Противное бѣлое масло тотчасъ же наполнило ему всѣ углы рта, облѣпило небо и губы и потекло вонъ. Ему показалось, что во рту у него цѣлый ковшъ этого ужаснаго вязкаго вещества. Внутренности его сжались, какъ будто хотѣли вывернуться. Онъ зафыркалъ, и замоталъ головой, и вдругъ осклизлый черный шаръ, застрявшій у него въ горлѣ, лопнулъ и выскочилъ наружу. Онъ едва успѣлъ перегнуться черезъ край кровати. Сѣрая струя хлынула изъ его рта и залила полъ.

— Выплюнули масло! — съ упрекомъ сказалъ докторъ, но Николай Петровичъ уже не слышалъ его. Во всемъ существѣ его не было ничего иного, кромѣ мучительнаго, тошнотворнаго, раздирающаго порыва. Только въ груди его сотрясалось что-то широкое, тонкое, имѣвшее независимую боль и трепетавшее, какъ птица. Его горло и носъ были какъ будто облѣплены тиною. Все лицо его было испятнано, и самыя мысли его были засорены рвотою.

— Хорошенько! — приговаривалъ докторъ съ одобреніемъ въ голосѣ. — Пусть прочищается. Все равно…

Николай Петровичъ сдѣлалъ нѣсколько послѣднихъ усилій, самыхъ мучительныхъ и совершенно безполезныхъ. Истощенный напряженіемъ, онъ упалъ на подушки, и ему казалось теперь, что гдѣ-то въ его желудкѣ образовалась дыра, въ которой вращается чувство боли, большое и острое, какъ сверло.

Ему не хватало воздуха, онъ открылъ ротъ и застоналъ ровной, не очень громкой и безконечно длинной нотой, дѣлая краткіе перерывы на вдыханіяхъ и снова возвращаясь къ тому же однообразному звуку.

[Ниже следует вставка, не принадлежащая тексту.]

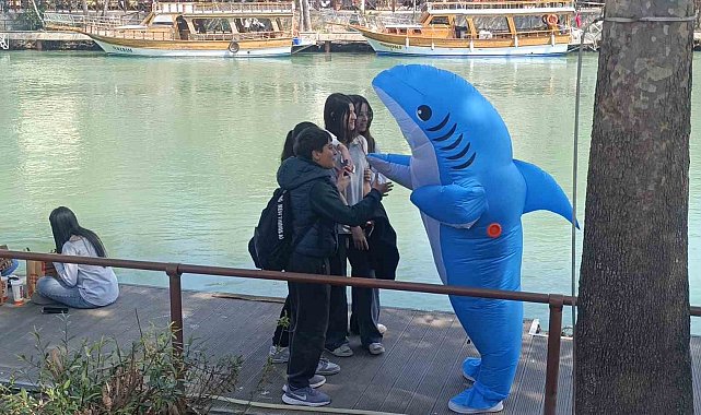 Manavgat'ın ana caddelerinde üzerinde köpek balığı kostümü giyerek dolaşan genç dikkatleri üzerinde topladı. Köpek balığı kostümüyle dolaşan genç, insanları eğlendirmek amacıyla kostüm giyerek sokaklarda dolaştığını, insanları eğlendirmenin kendisini mutlu ettiğini söyledi. Manavgat Irmak kenarına inerek ırmak kenarında oturan gençlerle şakalaşan Harun isimli genç, kendisiyle fotoğraf çektirmek isteyenlerin isteğini geri çevirmedi. Zaman zaman çalan müzik eşliğinde oynayan genç, elektrikçi olduğunu ve staj yaptığını belirterek "bugün insanları eğlendirmek, onlarla fotoğraf çektirip hoşça vakit geçirmelerini sağlamak amacıyla böyle bir işe koyuldum. Bunu da başardığıma inanıyorum" diye konuştu.
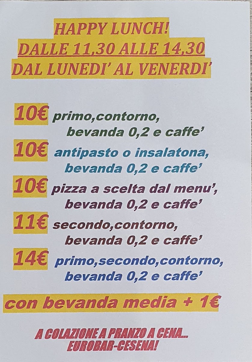 Welcome to Eurobar Ristorante, a culinary gem located in the heart of Cesena, Italy. Nestled on Via Anna Kuliscioff, this vibrant eatery offers a delightful fusion of traditional Italian flavors and modern dining experiences. With a commitment to quality, each dish is crafted using fresh, locally sourced ingredients that celebrate the rich culinary heritage of Italy.
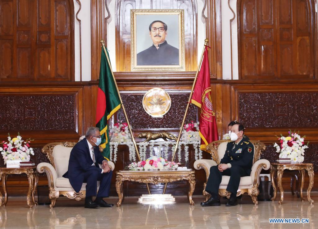 DHAKA, April 27 (Xinhua) -- Bangladesh's President Abdul Hamid on Tuesday met with visiting Chinese State Councilor and Minister of National Defense Wei Fenghe here and the two sides agreed to advance the bilateral military cooperation.

Николай Петровичъ Коханскій капитулировалъ, призналъ верховную силу болѣзни и стономъ своимъ какъ будто выразилъ согласіе вступить въ ряды великой арміи, завербованной ею на землѣ.

* * *

Третья ночь была на исходѣ. Николай Петровичъ лежалъ на постели, покрытый бѣлой простыней. Стѣны комнаты тоже были бѣлы. Подъ потолкомъ горѣла большая лампа, и свѣтъ ея отражался внизъ, падалъ на бѣлыя простыни и снова отражался вверхъ, пока не начинало казаться, что всѣ эти широкія бѣлыя площади свѣтятся собственнымъ раздражающе-ровнымъ сіяніемъ. Николай Петровичъ лежалъ на спинѣ. Два дня онъ сопротивлялся докторамъ и по-прежнему корчился, какъ лягушка, и сдвигался, какъ складной ножикъ. Мускулы его какъ будто ссохлись и стягивали его тѣло въ судорожный клубокъ. Потомъ доктора одолѣли и положили его навзничь. Омъ былъ совершенно нагъ. На головѣ его была ледяная повязка, на груди и на животѣ лежали три резиновыхъ мѣшка, наполненныхъ снѣгомъ, которые слѣдовало перемѣнять черезъ каждые два часа. Главное ощущеніе его былъ холодъ. Даже кожа его боковъ сморщилась и покраснѣла, какъ отъ морознаго обжога. По временамъ ему казалось, что его зарыли нагого въ глубокій сугробъ холоднаго бѣлаго снѣга. Жажда мучила его. Около него стояла чашка съ мелко наколотымъ льдомъ, и онъ поминутно бралъ и проглатывалъ осколокъ за осколкомъ, потомъ припадалъ губами къ стакану и втягивалъ ледяное, страшно холодное питье, и тогда ему казалось, что снѣжный сугробъ входитъ внутрь и медленно таетъ въ его груди.

Чувство боли внезапно являлось, какъ вихрь, взвивалось въ высоту и уносило его съ собой. Длинный буравъ снова принимался сверлить въ груди и въ лѣвомъ боку, перескакивая съ мѣста на мѣсто. По временамъ онъ какъ будто пронизывалъ его насквозь и пригвождалъ къ кровати. На грудь его наваливалась десятипудовая наковальня, и снѣжный сугробъ казался въ сто кратъ холоднѣе и тяжелѣе прежняго. Но ни сугробъ, ни наковальня не могли удержать больного на мѣстѣ. Онъ извивался по постели, какъ раненый змѣй, хватался ногтями за подушки и простыню и ревѣлъ благимъ матомъ, какъ ребенокъ подъ розгами.

Николай Петровичъ не ѣлъ и не спалъ эти трое сутокъ. Тѣло его ослабѣло, и мужество исчезло безъ слѣда. Жестокая боль сжала его въ тискахъ, какъ мягкую глину, и онъ ощущалъ передъ ней элементарный и животный ужасъ, какъ звѣрь передъ захлопнувшейся западней.

Теперь къ Николаю Петровичу ѣздили два доктора. Одинъ былъ Брусовъ, городской врачъ, высокій, смуглый и веселый, съ блестящимъ цилиндромъ и двойной золотой цѣпью на жилетѣ. Онъ бралъ за визитъ по три рубля и утверждалъ, что у Николая Петровича заворотъ кишокъ. Другой докторъ былъ Зоненштраль, маленькій, дохлый, съ длиннымъ носомъ и большими рыжими усами. У него было мало практики, и онъ правильно посѣщалъ Николая Петровича три раза въ день. Платы за визиты онъ пока еще не бралъ. Онъ настаивалъ, что у Николая Петровича желчные камни.